For inference, you rarely need to track activations explicitly — they're absorbed into framework overhead. For training and fine-tuning, activations dominate, which is why training a model needs 10-20x the VRAM of just inferring with it.

19Flash Attention

// A faster, more memory-efficient attention kernel. Standard in every modern runtime.

Standard attention materializes the full N×N attention matrix in memory; for long sequences this is wasteful. Flash Attention fuses the matrix multiplications and softmax into a single tiled GPU kernel that streams through the sequence without materializing the full matrix. Same math, dramatically less memory pressure, often faster too.
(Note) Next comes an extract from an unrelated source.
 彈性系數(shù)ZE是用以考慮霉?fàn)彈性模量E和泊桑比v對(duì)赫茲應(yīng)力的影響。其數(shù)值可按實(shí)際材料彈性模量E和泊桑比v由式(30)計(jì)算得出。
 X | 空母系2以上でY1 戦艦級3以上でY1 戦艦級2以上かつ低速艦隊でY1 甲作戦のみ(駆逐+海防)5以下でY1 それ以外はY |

Flash Attention 2 and 3 add further optimizations (better tiling, lower precision intermediates). By now it's the assumed default in every serious runtime; if your inference engine doesn't use it, long context will OOM where it shouldn't.

20Tokens/sec (TPS)

// How fast the model generates output. Bandwidth-bound for big models, compute-bound for small.

Tokens per second is the standard speed metric. For decode (generating one token at a time), the bottleneck is usually memory bandwidth: each token requires reading the full model weights from VRAM. So:

decode_tps ≈ memory_bandwidth ÷ model_size_in_memory

A 70B model at FP16 is 140GB; on an H100 with 3.35 TB/s bandwidth, the theoretical ceiling is roughly 24 tokens/sec. Real performance is 60-80% of that.
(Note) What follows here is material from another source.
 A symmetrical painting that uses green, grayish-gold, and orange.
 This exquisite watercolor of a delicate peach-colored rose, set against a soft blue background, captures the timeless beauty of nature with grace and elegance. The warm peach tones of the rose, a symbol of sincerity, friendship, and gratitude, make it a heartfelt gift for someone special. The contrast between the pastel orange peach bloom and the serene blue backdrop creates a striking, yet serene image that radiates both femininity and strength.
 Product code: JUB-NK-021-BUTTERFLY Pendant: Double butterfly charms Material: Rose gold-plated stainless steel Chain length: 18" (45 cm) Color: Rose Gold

For prompt processing (prefill), the bottleneck shifts to compute (TFLOPS). This is why "prompt tokens/sec" and "output tokens/sec" are often reported separately.

21TTFT (Time To First Token)

// How long from request to first generated token. Dominated by prefill on long prompts.
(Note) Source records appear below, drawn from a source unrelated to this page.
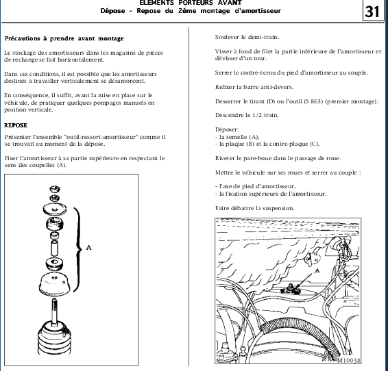 au cas où, est-ce que ça te parle ça: Aussi on m'a souvent parlé des rotules supérieures sur ces modèles, apparemment elles s'usent très vite même parfois des neuves prennent du jeu au bout de qq kilomètres...
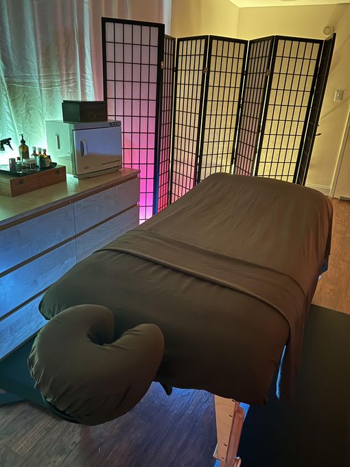 In-studio amenities: Aromatherapy Enhanced, Bottled Water, Drinking Water, Heated Massage Table, Hot Towels, Massage Table, Music, Private Restroom, Secured Entrance/Doorman, Shower
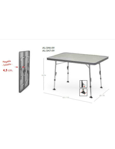 Aluminum table with dark gray top, resistant to high temperatures, humidity and scratches.

Time To First Token is what users feel. It's the latency from "submit the prompt" to "see the first word appear." For a short prompt, it's fast (sub-second). For a 32K-token prompt, it can be 5-30 seconds depending on hardware and runtime — because the model has to process the entire prompt before generating anything.

Paged caches (vLLM, oMLX) help here: if the prefix was seen before, those blocks are restored from cache instead of recomputed. oMLX's paged SSD cache extends this across server restarts, getting TTFT down to under 5 seconds even on long prompts that would otherwise take 90+ seconds.

see also Tokens/sec (TPS) · PagedAttention · KV cache

22AWQ / GPTQ

// GPU-optimized 4-bit quantization formats. AWQ for activation-aware; GPTQ for one-shot post-training.

AWQ (Activation-aware Weight Quantization) and GPTQ are both 4-bit quantization methods designed for GPU inference. They differ in how they decide which weights to quantize more aggressively:

AWQ: protects weights that have high activation magnitudes during a calibration pass. Better quality at the same bit count. GPTQ: one-shot post-training quantization using error correction. Faster to produce; widely supported.

Both are common on vLLM, exllamav2, and TGI. Quality at 4 bits is close to FP16 for most models; the trade-off vs Q4_K_M GGUF is roughly: AWQ/GPTQ are faster on GPU; GGUF is better on CPU and Apple Silicon.

23GGUF

// The model file format llama.cpp ecosystem uses. Carries the model + tokenizer + metadata in one file.

GGUF (GPT-Generated Unified Format) is the binary format used by llama.cpp and the runtimes built on it: Ollama, LM Studio, KoboldCpp. It packages model weights, tokenizer, and metadata into a single file, with first-class support for the GGUF K-quant family (Q2_K, Q3_K_M, Q4_K_M, Q5_K_M, Q6_K, Q8_0).

GGUF replaced the older GGML format around 2023. The format is open, well-documented, and supported across CPU, CUDA, ROCm, Metal, and Vulkan backends.

If you're running on a Mac, Linux box without an NVIDIA card, or just want the easiest local setup, GGUF + llama.cpp (via Ollama or LM Studio) is the path.